実際、この日大学に行く前に、住宅研究集会で、建築家たちの間では少数派の、居住権や居住福祉を研究している人からは、「あの映画は、建築を学んでいるだけでは理解しにくいだろう。耐震性が不足している建物というだけで、まず(なぜ引っ越さないのか?)と思うだろう。住まいに対する愛着や引越しの難しさは、社会経験やある程度年をとった人でないと、実感をもって理解しにくい。建築よりも社会学や公共政策、福祉を学ぶ学生の方がまだ理解できるのでは?」と言われました。

・・・そんな風に言われると、(上映後のディスカッションは、果たしてかみあうのか?!)と一瞬不安にもなりましたが、事前に本間さんから自主勉強会について聞いていましたので、(多分大丈夫)と思って向かいました。

本間さんたちが活動する自主勉強会は、「家の根本義ゼミナール」というユニークな名前。

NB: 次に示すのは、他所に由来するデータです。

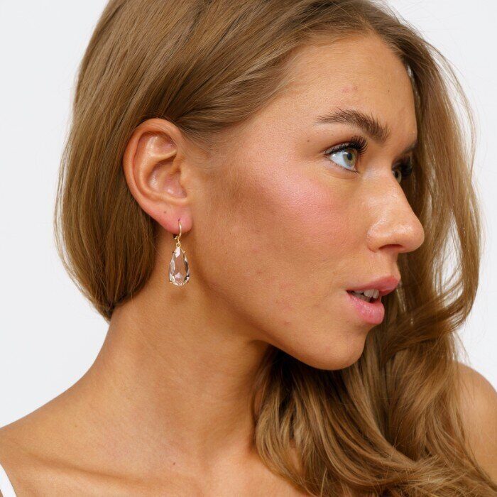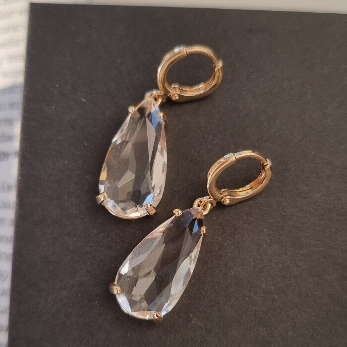 Серьги ювелирная бижутерия крупные под золото, прозрачный камень, арт.001.560
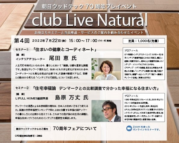 110年、創立から70周年を迎えます。この節目を迎えるにあたり、各業界で活躍されている方々を講師として招いた全4回のオンラインセミナーイベント「club Live Natural」を開催しています。
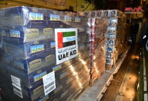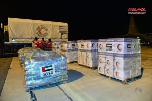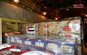 وصلت طائرتان إماراتيتان مساء أمس إلى مطار دمشق الدولي محملتان بمواد إغاثية ومعيشية للأهالي المتضررين من الزلزال.
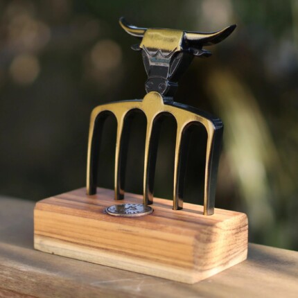 Garfão Bull Ouro Envelhecido com Base em Madeira O preço original era: R$165,00.O preço atual é: R$135,00.
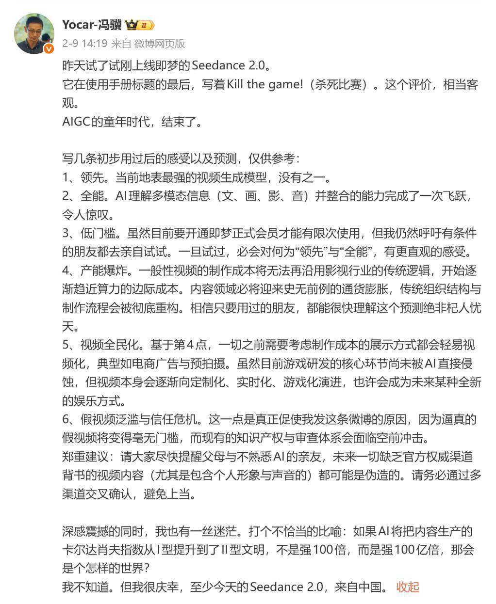 这也让Seedance 2.0的“可怕”有了另一层含义,智商过于强悍,又不断渗透活命场景的AI,在带来亢奋的高涨之时,经常也会带来难以扼制的忧惧。
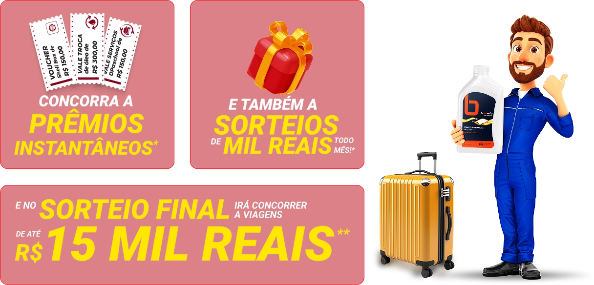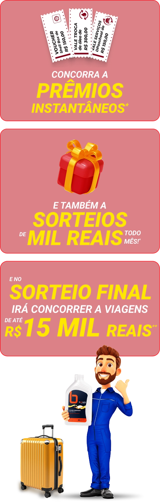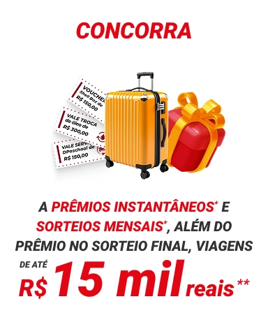 Premiação instantânea. Sorteio mensal e sorteio final.
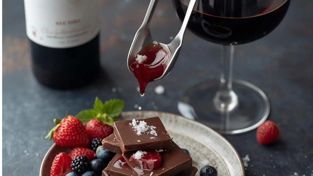 塩のアクセントが効いた「塩チョコ」は、ワインの甘みや果実味を引き立ててくれる、意外性のある組み合わせです。ポイントは、チョコレートの塩気が生むコントラスト。スイカに塩を添えると甘さが際立つように、塩味が加わることで、ワインのフルーティーさがよりはっきりと感じられます。

その活動内容について、以前メールに書かれていた説明を引用すると・・・ 

「家の根本義ゼミナール」は、「家とは何か」という根源的な問題を、建築計画学だけでなく、社会学・歴史学・文学・民俗学・人類学など横断的な領域から検証していくブレインストーミングゼミです。

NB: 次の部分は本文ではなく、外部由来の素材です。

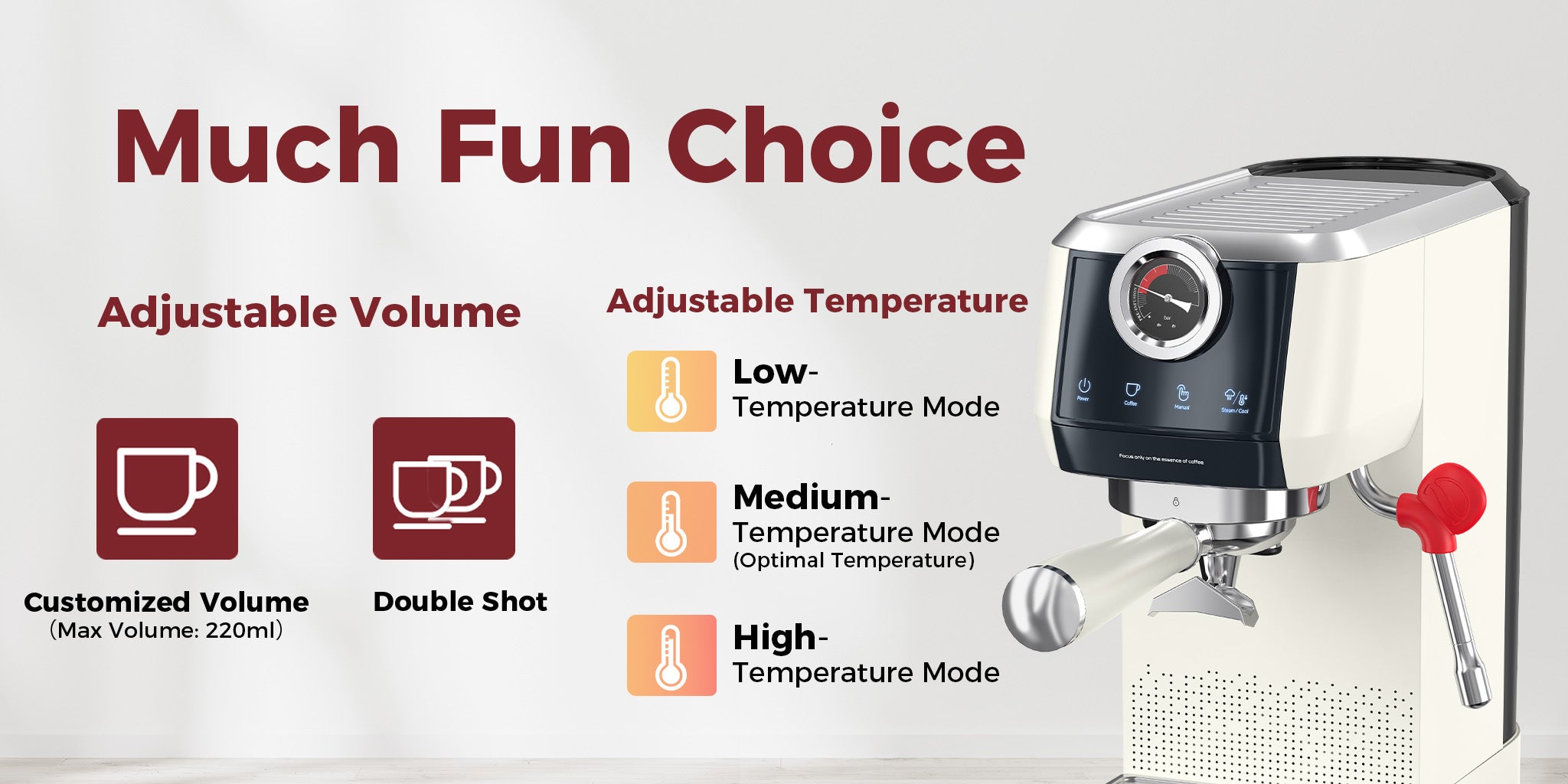• [Adjustable Volume & Temperature] - The instant thermal block heating system heats water in just 30 seconds, and you can customize the brew temperature and coffee volume to your liking. Additionally, the gentle pre-infusion blooms the espresso grounds for optimal extraction. This flexibility lets you enjoy your espresso exactly the way you like it, every time.
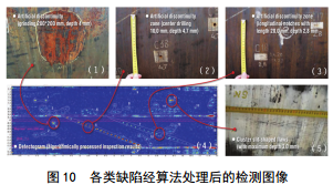 (5)簇狀狹縫形缺陷(最大深度為3.0 mm)。
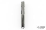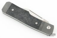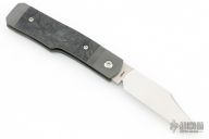 This Sharpshooter Jack is a gunstock slipjoint model by Jack Wolf Knives featuring a satin finished clip point blade with longpull. The handle has integral bead blast finish pinched and fluted titanium front and rear bolsters and liners, carbon fiber scales with a stainless spring. Comes with box, metallic tube with J. Gonzo artwork, leather slip, sticker and microfiber cleaning cloth. New from Maker.
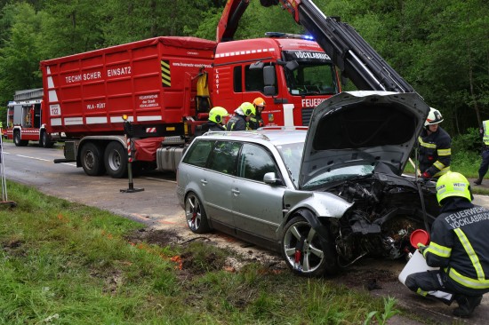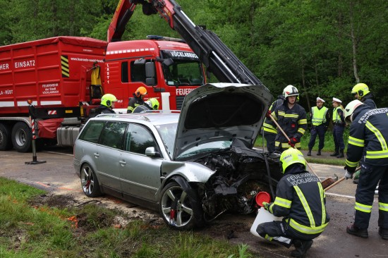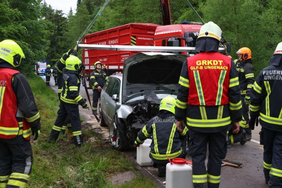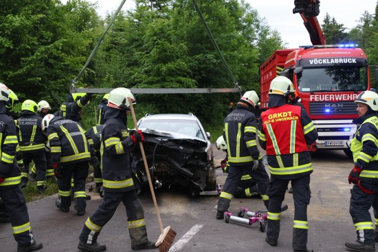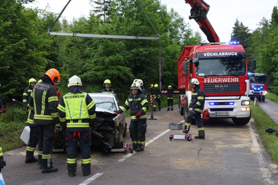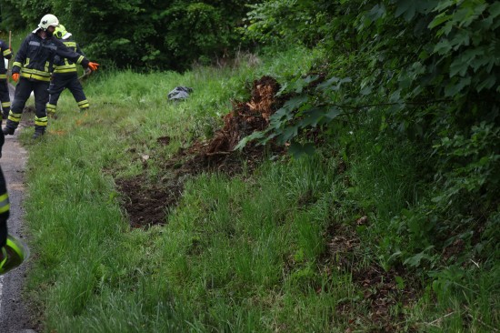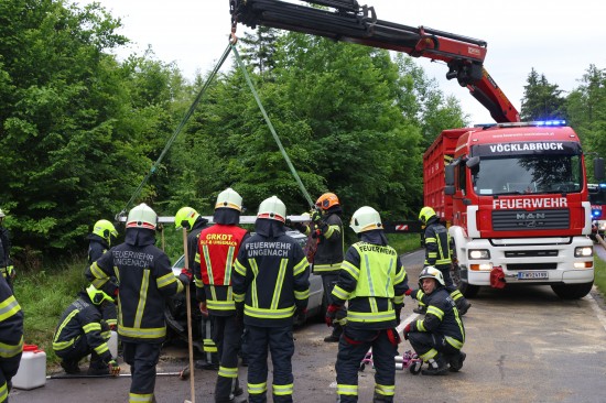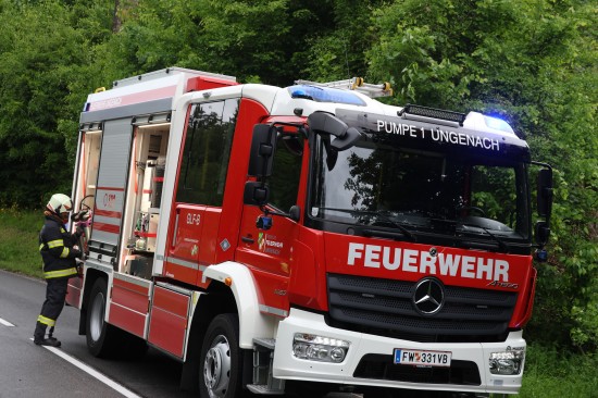 Ein PKW war offenbar auf der B143 Hausruckstraße im Gemeindegebiet von Vöcklabruck in Fahrtrichtung Ungenach unterwegs, als das Fahrzeug aus noch unbekannten Gründen von der Fahrbahn abgekommen, im Böschungsbereich gegen einen Wurzelstock geprallt und in seitlicher Lage zwischen Böschung und Fahrbahn zum Stillstand gekommen ist. Die Einsatzkräfte zweier Feuerwehren wurden zur Personenrettung nach einem Verkehrsunfall alarmiert. Ebenso im Einsatz standen Rettungsdienst, Notarzt und die Polizei. Die Feuerwehr führte in weiterer Folge die Bergung des verunfallten PKW durch. Das Fahrzeug wurde von der Straße verbracht und für die Abholung durch den Abschleppdienst bereitgestellt.

社会学者の上野千鶴子さんが「家は家族を容れるハコである」と主張したことに対して、「果たして家とは本当に単なるハコなのか」という問題意識を出発点に活動している今年3年目の自主ゼミです。

とのこと。なので、きっと建築の技術的な関心だけではなく、もっと総合的・複合的に建物や住まいを考える人たちでは?と思いました。

1時ごろに待ち合わせをして、教室へ。簡単に挨拶をしてから、早速映画の上映が始まりました。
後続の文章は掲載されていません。